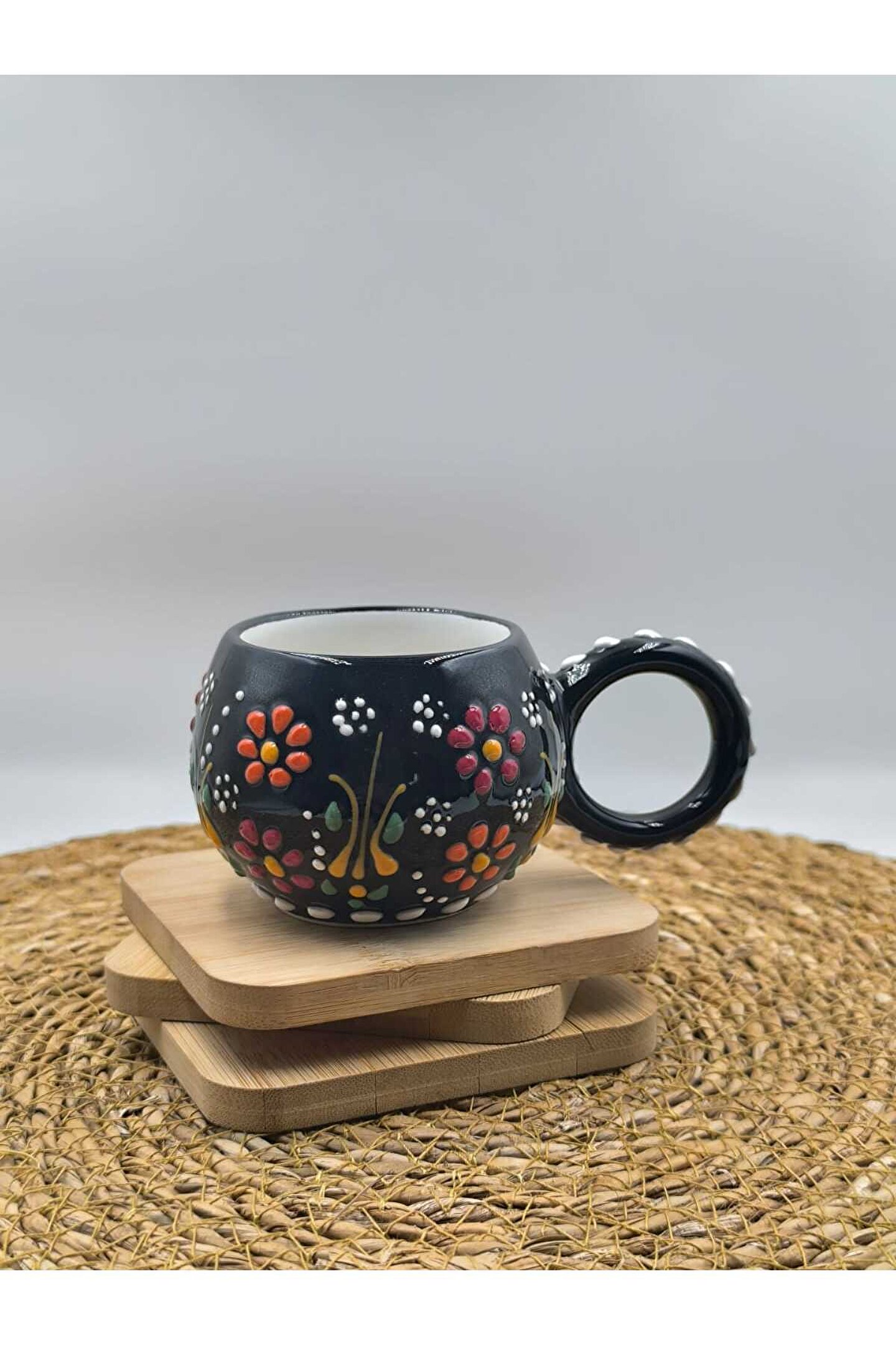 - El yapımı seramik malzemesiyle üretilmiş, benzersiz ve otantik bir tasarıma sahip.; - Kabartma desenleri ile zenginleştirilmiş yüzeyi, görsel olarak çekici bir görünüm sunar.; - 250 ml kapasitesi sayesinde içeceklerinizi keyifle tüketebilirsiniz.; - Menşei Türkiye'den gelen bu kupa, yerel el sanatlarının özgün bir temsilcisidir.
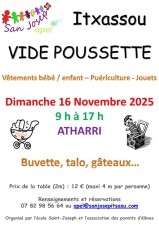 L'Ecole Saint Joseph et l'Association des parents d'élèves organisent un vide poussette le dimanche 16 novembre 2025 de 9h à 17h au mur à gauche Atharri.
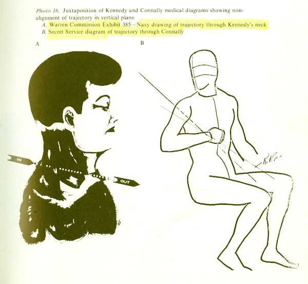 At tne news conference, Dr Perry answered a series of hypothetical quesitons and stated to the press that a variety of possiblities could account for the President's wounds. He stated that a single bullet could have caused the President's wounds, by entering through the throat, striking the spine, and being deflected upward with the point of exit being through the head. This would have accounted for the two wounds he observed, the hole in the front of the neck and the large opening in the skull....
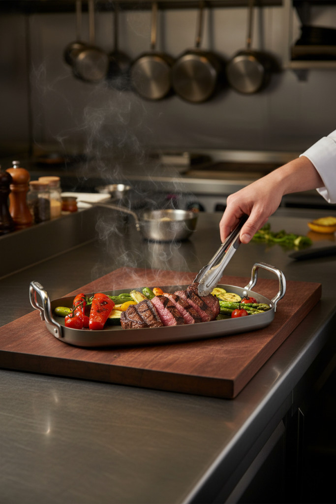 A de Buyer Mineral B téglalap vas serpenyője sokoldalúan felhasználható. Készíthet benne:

» **WHAT YOU WILL DO**: Only exact copies are wanted here. Write out the lines from the one containing "At tne news" through the end of the material and no others, omitting all pictures.

» **RESULT FOR THIS EXERCISE**:
 At tne news conference, Dr Perry answered a series of hypothetical quesitons and stated to the press that a variety of possiblities could account for the President's wounds. He stated that a single bullet could have caused the President's wounds, by entering through the throat, striking the spine, and being deflected upward with the point of exit being through the head. This would have accounted for the two wounds he observed, the hole in the front of the neck and the large opening in the skull....
 A de Buyer Mineral B téglalap vas serpenyője sokoldalúan felhasználható. Készíthet benne:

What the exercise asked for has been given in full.